The U.S. is home to well-known global mega-cap names such as Apple and Microsoft, which may help to balance Australia’s overweight to Financials and Materials. Exhibit 2 shows that combining the U.S. and Australia’s equity benchmarks may help alleviate the domestic sector biases. Compared to the S&P Global BMI, the Australian bellwether underweights Information Technology by 18%, with I.T. being the S&P/ASX 200’s second-smallest sector, at 2%.

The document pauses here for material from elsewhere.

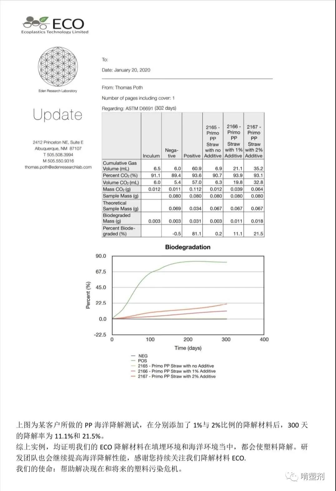 那答案是正面的,根據客戶的產品所進行過ASTM D6691(塑料制品海洋降解測試標準),加入了ECO 的PET 纖維及NYLON 纖維都能夠在250內降解14.4% 及17.2%。明顯的這個塑料降解速度不如在厭氧環境下的降解速度。但考慮到海水中的微生物濃度比起在污泥中低很多。所以這個結果已經是令人相當。若我們的衣服或纖維制品中加入ECO,那么些產品在廢棄后能在厭氧的堆埋場中被降解并產生潔凈能源(甲烷),又能改善微塑膠進入人類生態圈(海洋和陸地)的問題。或許我們可以有這樣一個的假設設, 加入了ECO 的衣服纖維能夠在 10年內完全被降解, 那么我們就可以更容易控制海洋中微塑膠的數量了.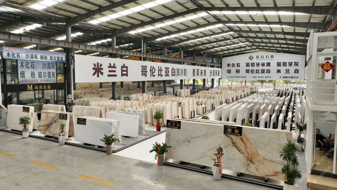 主营:木化石、葡萄牙米黄 葡萄牙灰 烟粉 哥伦比亚白 米兰白

Potential diversification benefits could also have come in the form of improved risk/return profile. Exhibit 3 highlights that the S&P 500 outperformed the S&P/ASX 200 by 2% annualized since Dec. 30, 1994, in local currency and U.S. dollar terms. This makes the long-run outperformance of the S&P 400® and S&P 600® even more impressive; the non-perfect correlations of these indices versus the S&P 500 (shown in Exhibit 4) also means there is an opportunity for investors to diversify within their U.S. equity exposure as well to gain access to the unique characteristics of U.S. mid- and small-cap indices.
Exhibit 2 which shows that differences in sector composition may help explain the non-perfect correlation between the S&P/ASX 200 to our U.S. core equity indices, which ranges from 0.44-0.52 when looking at monthly returns in AUD terms, as illustrated in Exhibit 4. This moderate correlation suggests that combining the two sets of indices may lead to better risk-adjusted return than either one in isolation.
In Exhibit 5, we take the blue-chip benchmarks of both the U.S. and Australia and create hypothetical combinations of the S&P 500 and the S&P/ASX 200. We can see that adding the S&P 500 to the S&P/ASX 200 has historically improved return per unit of risk (risk-adjusted return) across all points on the efficient frontier over exposure to the S&P/ASX 200 alone.
While there are several reasons why Australian market participants may choose to have a home bias, in the past, U.S. equities helped investors diversify from sectoral home biases and historically improved domestic returns.
1 Thinking Ahead Institute, “GPAS 2023 Pensions Survey,” 2023.